Math Revision ch-Perimeter and Area

 Date: 4/3/21

Extra Questions for Practice 

1. Perimeter of a square is 48 cm. Find the length of its side?

2. The length of a rectangular garden is 20 m and breadth is 13 m. How much barbed wire will be needed to fence the garden?

3. Find the area of a rectangle whose length is 12 cm and breadth is 10 cm.

4. A square garden has a perimeter 40m. What is its area?

5. A rectangular field is 24 m long and 20 m wide. Find the cost of fencing the field at the rate of 25 rupees per metre.

6. The fencing of a square garden is 32 m in length. How long is one side of the garden?

7. A thin wire 40 cm long is formed into a rectangle. If the width of this rectangle is 8 cm, what is its length?

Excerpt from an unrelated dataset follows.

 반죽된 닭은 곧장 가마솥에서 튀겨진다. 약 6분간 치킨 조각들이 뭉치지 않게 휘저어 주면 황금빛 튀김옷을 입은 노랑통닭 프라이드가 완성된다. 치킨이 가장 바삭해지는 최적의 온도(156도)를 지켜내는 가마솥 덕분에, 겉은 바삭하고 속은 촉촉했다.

8. Find the perimeter of a triangle with sides measuring 10 cm, 14 cm and 15 cm?

9. Find the side of a square whose perimeter is 20m?

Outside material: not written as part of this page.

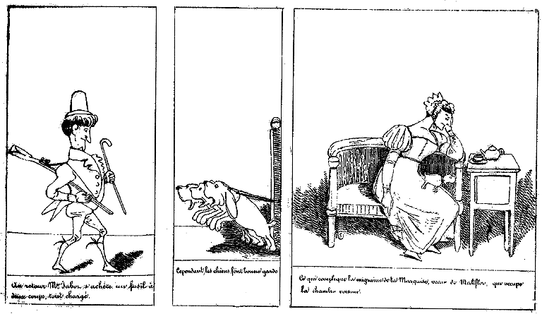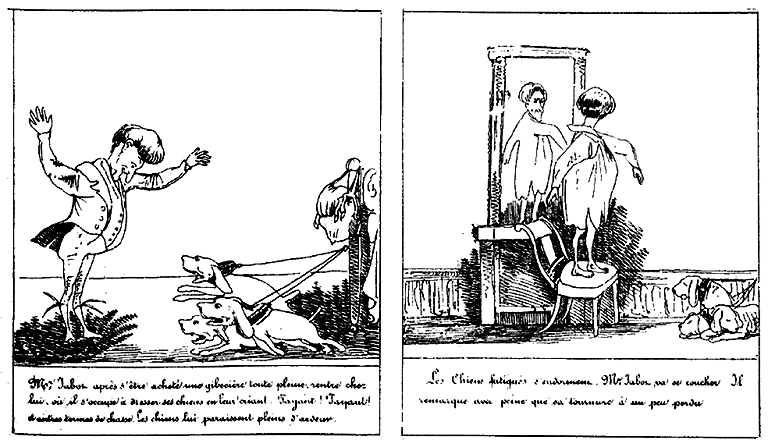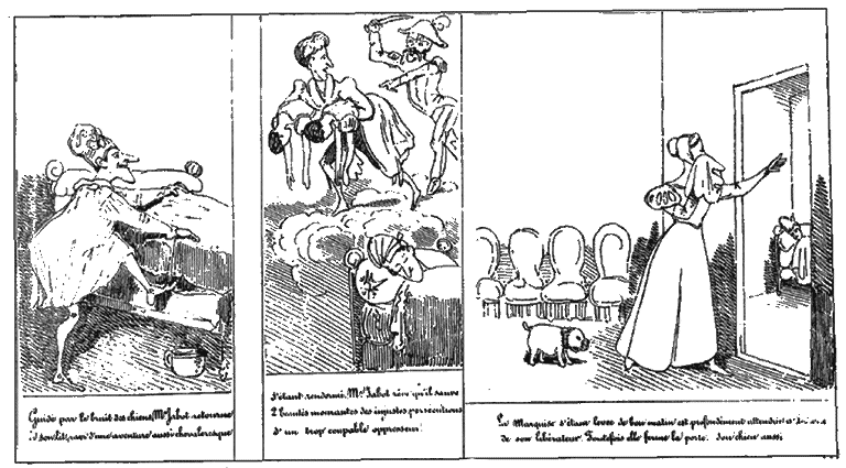 | Guidé par le bruit des chiens, Mr. Jabot retourne à son lit, ravi d'une aventure aussi chevaleresque. | S'étant rendormi, Mr. Jabot rêve qu'il sauve deux beautés mourantes des injustes persécutions d'un trop coupable oppresseur. | La Marquise s'étant levée de bon matin est profondément attendrie à la vue de son libérateur. Toutefois elle ferme la porte. Son chien aussi. |

10. The area of a rectangular garden 50 m long is 300 sq m. Find the width of the garden?

11. Find the length of a rectangle given that its perimeter is 880 m and breadth is 88 m.

12. A rectangular park is 30 metres long and 20 metres broad. A steel wire fence is put up all around it. Find the cost of putting the fence at the rate of ₹15 per metre.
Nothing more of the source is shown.